3. Compliance & Quality Assurance
- Ensure adherence to GCP, GVP, and corporate SOPs.
- Support internal and external audits related to pharmacovigilance.
- Assist in developing and updating departmental SOPs and compliance documents.
4. Cross-functional Collaboration
- Work closely with Medical Monitors, Regulatory Teams, and Project Managers.
- Participate in corporate safety initiatives and process improvement activities.
Qualifications & Experience
- Bachelor’s degree in Pharmacology, Nursing, or a related scientific field.
- Minimum 2 years of experience in clinical research, pharmacovigilance, or pharmaceutical/CRO settings.
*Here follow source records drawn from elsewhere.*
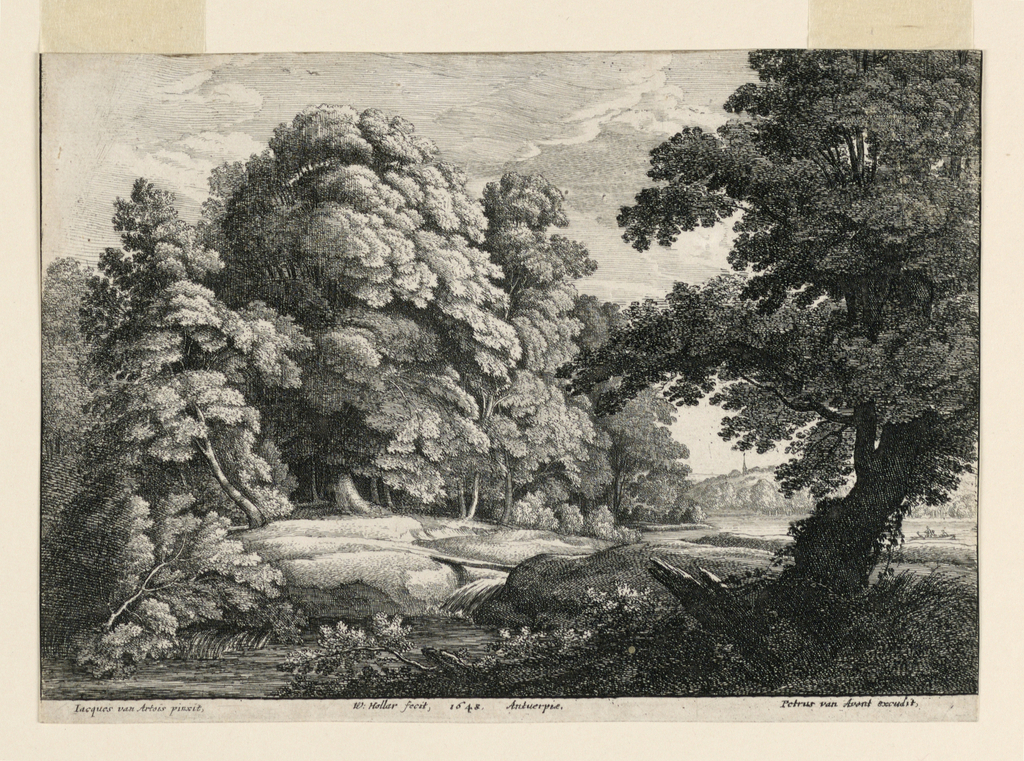This is a Print. It was print maker: Wenceslaus Hollar and after Jacques d' Arthois. It is dated 1648 and we acquired it in 1957. Its medium is etching on paper. It is a part of the Drawings, Prints, and Graphic Design department.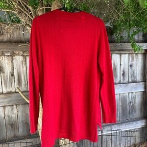 Cable & Gauge vibrant red fine knit V-neck sweater in excellent condition size Medium. Care instructions were removed but I am pretty sure this is a cotton blend and I wash delicate / hang dry with no issue. Breathable weave makes this great for layering or mild weather. Light weight knit makes it versatile to tuck in, add belt or leave out. 19 inches pit to pit and 25 inches in length #winterknits #sweaterweather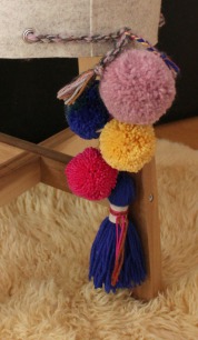 Nun alle Bommel und Quasten durch eine Öse fädeln und mit den Enden der Wollkordel zusammenfassen und alles verknoten. Voilà – euer neuer Hocker im angesagten Ethnolook!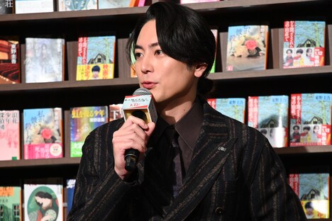 1月12日公開の「ある閉ざされた雪の山荘で」は、東野圭吾による同名小説を実写化した作品。登場人物が全員役者で、彼らが挑む新作舞台の主役の座をかけたオーディションの最終選考の場である“大雪で外部との接触が絶たれた山荘”という架空の密室空間で起こる連続殺人事件が描かれる。公開直前カウントダウンイベントには主演を務める重岡のほかに、メインキャストの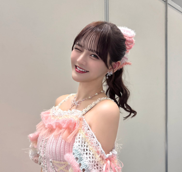 前髪が加わることで、顔の縦ラインが分断され、全体的に柔らかく、アイドルらしい雰囲気が強調されています。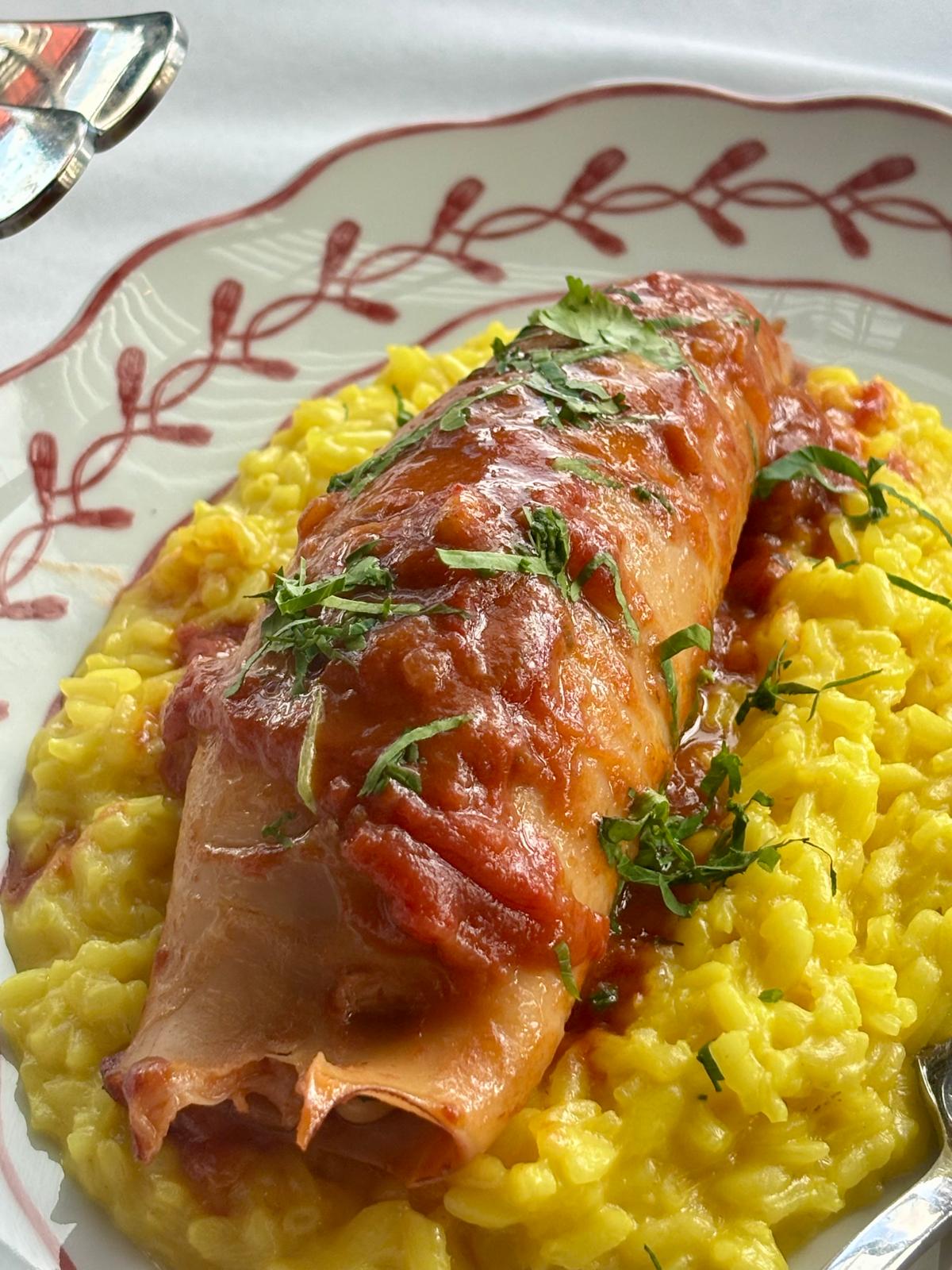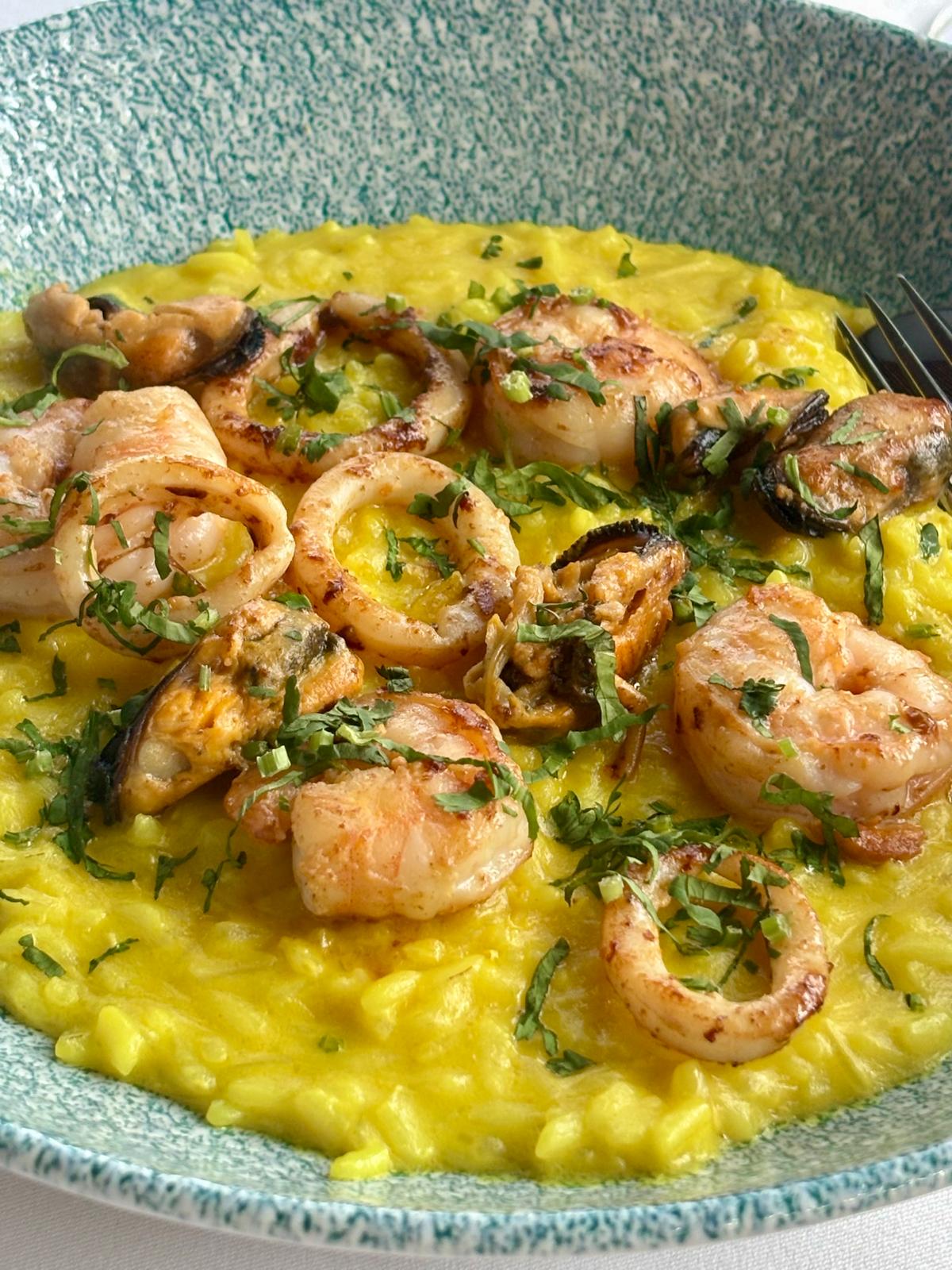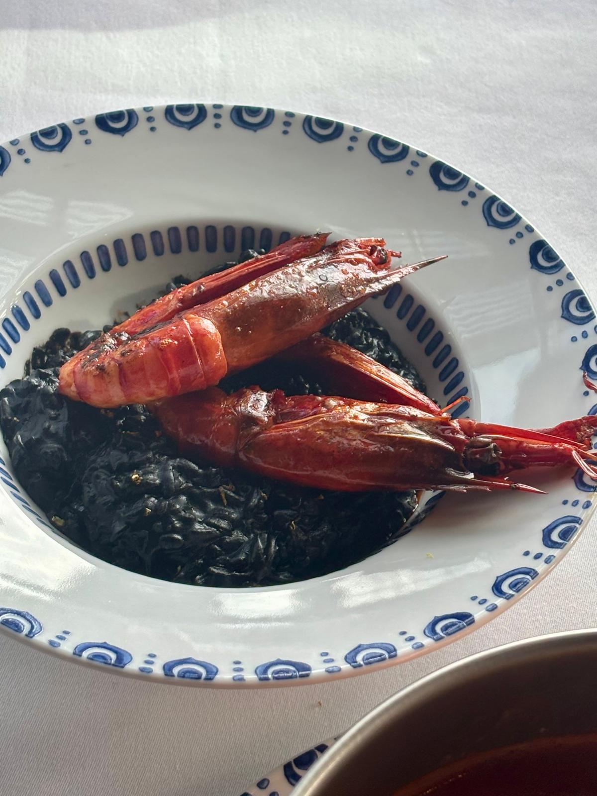 Nos pratos principais, o risotto do mar apresentou-se cremoso e bem ligado, enquanto o risotto alla milanese com lula recheada trouxe um perfil mais intenso e estruturado. Entre as massas, os ravioli de ricotta e limão destacaram-se pela frescura e pela acidez controlada. A massa à Bugio, com peixe e marisco, confirma a vocação do restaurante para pratos pensados para dividir à mesa. Já o arroz negro com carabineiros assume-se como um dos pratos mais marcantes da carta, pela intensidade e presença.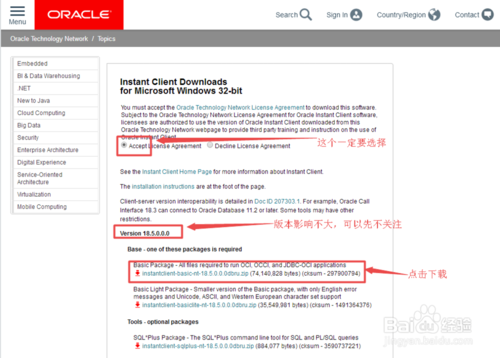 2、选择与自己系统匹配的“Instant Client”32位或者64位(首相保证:和Navicat Premium 12的位数相同,如Navicat Premium 12为32位的“Instant Client”也要选择32位否则无效)。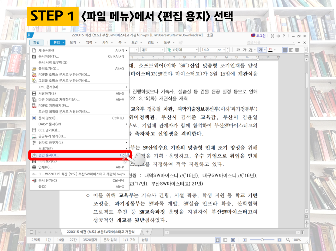 STEP1. 용지 크기를 변경하고 싶은 파일을 열어서 상단 메뉴에서 <파일>을 클릭하면 아래와 같이 <편집 용지> 메뉴를 발견할 수 있습니다.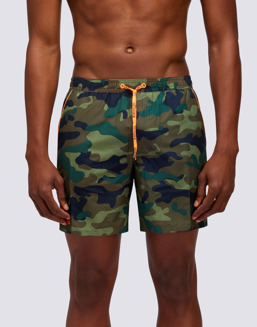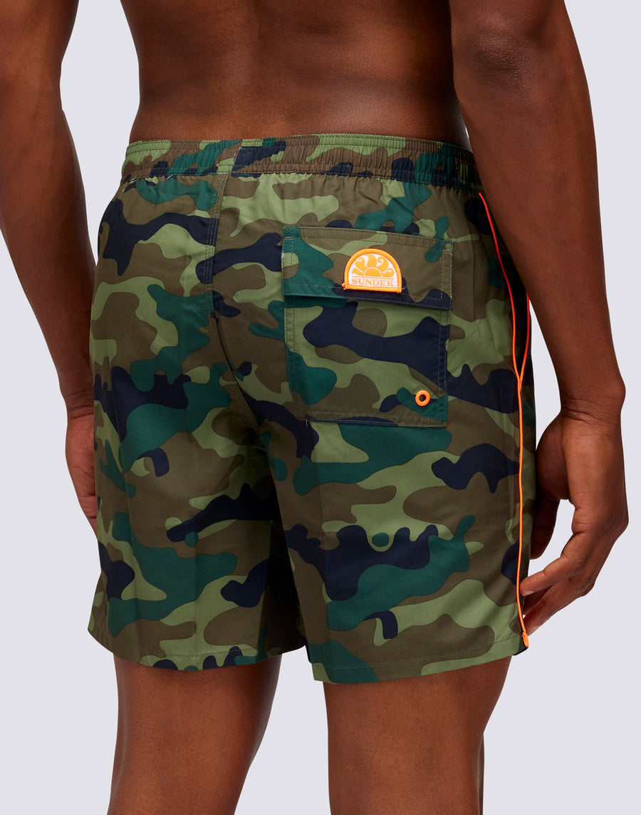 The camouflage print won't let your average Sundek swimming costume go unnoticed with its elasticated waist, comfortable and perfect thanks to the three-needle stitching that makes it super resistant. Made of basic micropeach polyester, it has a small pocket on the back and contrasting piping on the sides. External leg length 16"/41 cm (in size M).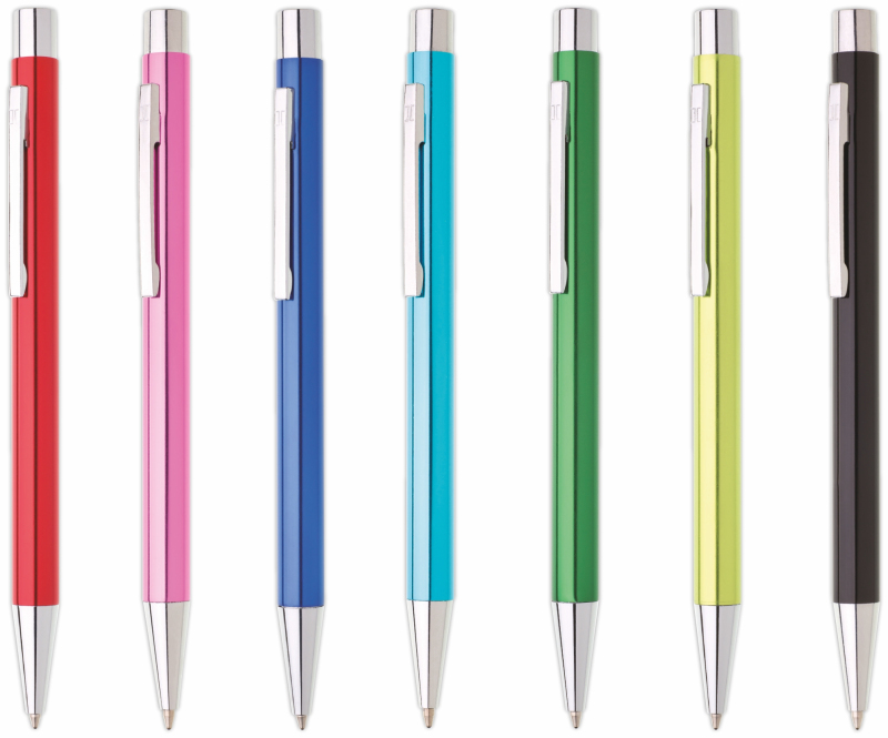 SFERA, elegantní červená hliníková propiska z kolekce GABRIELIS, klip se značkou ][.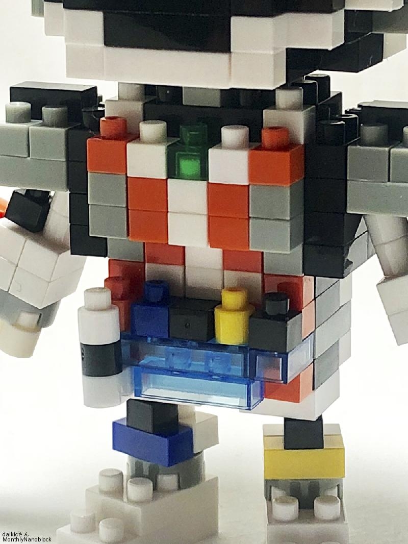 丸1ポチパーツと四角1ポチパーツを使い分けることによってベルト細部の表現をしています。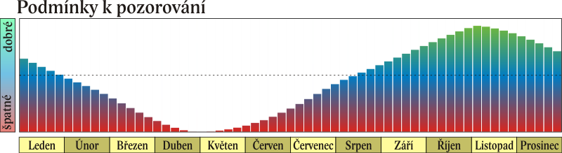 Koncem prosince je Uran na konci astronomického soumraku ve výšce 49° nad jihovýchodním obzorem, vrcholí před dvacátou hodinou a zapadá krátce po třetí hodině ranní.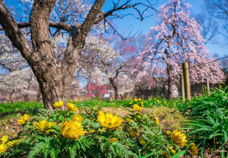太宰府天満宮から贈られた梅を含め120種約1,300本の梅が咲きます。120株からなる30mの萩のトンネル、あじさいは1万株、その他マンサクやフクジュソウなど早春の花々も楽しめます。彼岸花は8,000株と云われていましたが、近年大量の球根を植え、35万株に増加した模様です。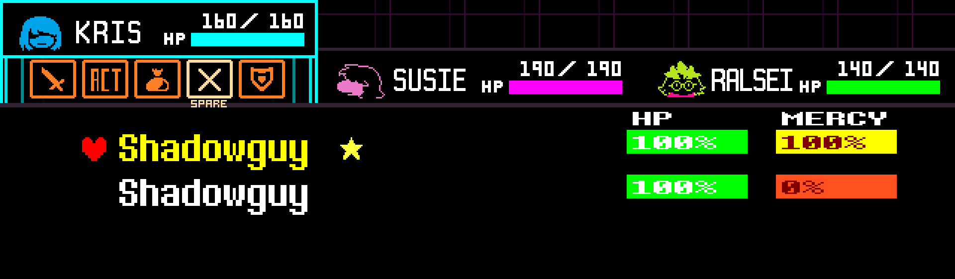 As an enemy is targeted by ACTs, it will display % MERCY gained. Once the enemy reaches 100% MERCY, using the SPARE command defeats the enemy nonviolently.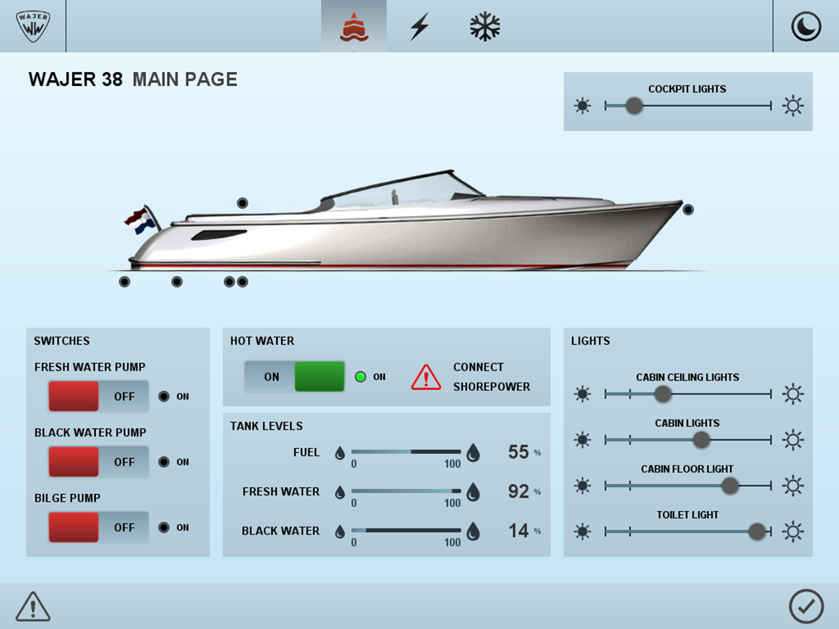 10 inch glass touchscreen Connection with Whisper Power Inverter Charger Integration with Webasto airco Integration with Raymarine screen Empirbus bus system

- Preferred: Experience in safety monitoring, pharmacovigilance, or clinical trial safety.
- Strong understanding of GxP (Good Practice) guidelines.
- Excellent clinical judgment, attention to detail, and organizational skills.
- Ability to work in a team and communicate complex safety issues clearly.
Why Join Emmes Group?
- Impactful Work: Contribute to life-changing clinical research.
- Collaborative Culture: Work with industry-leading experts.
- Career Growth: Opportunities for professional development and innovation.